Вечер отгорел и погас, как погасает в небе каждый вечер. Дыхание темно-синего холода простерлось над землею, и далекие, вечные звезды начали свой медленный хоровод. Девы приготовили все, что надо было для брачного пира, и сели за стол. Одно место среди них было пусто, — то было место для Жениха, которого ждали, но которого еще не было здесь.
Десять светильников горели перед Девами. На белой скатерти стола стояли сосуды с вином и хлебы.
Тихи были голоса беседующих Дев. Черная ночь молчала в саду за окнами украшенного брачного чертога, — а издали доносились откуда-то веселые песни, смех, музыка, шумные восклицания. Там, недалеко от дома, где ждали Девы Жениха, веселились и пировали Девушки, юные Женщины и праздные Молодые люди, — и всем им не было никакого дела ни до Жениха, приходящего во тьме и тайне, ни до Невесты, таинственно зажигающей высокий свой светоч.

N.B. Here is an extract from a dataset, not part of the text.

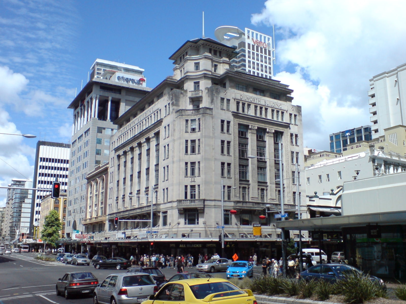 The Dilworth Building on the corner of Queen Street and Customs Street, Auckland City, New Zealand. Seen here from the north-west (view along Customs Street), this building was once supposed to be one half of a 'gateway' to the city, but the mirroring building opposite was never built.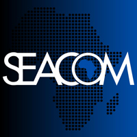 Seacom's logo to be used for all mentions of Seacom or the subsea cable system owned by Seacom.mu.

Они, беспечные, плясали, и пели, и смеялись, и славили сладостные очарования буйной жизни. В их песнях говорилось о том, что жизнь дается каждому только один раз, что юность пролетает быстро, и что надо торопиться вкусить ее восторги и услады, пока еще кровь горит избытком стремительных сил. Тихо беседовали Девы:
— Теперь уже скоро придет Жених.
— Да, мы скоро дождемся его.
— Как они там шумят!
— Как безумны их песни!
— Как грубо звучит в ночной тишине их хохот!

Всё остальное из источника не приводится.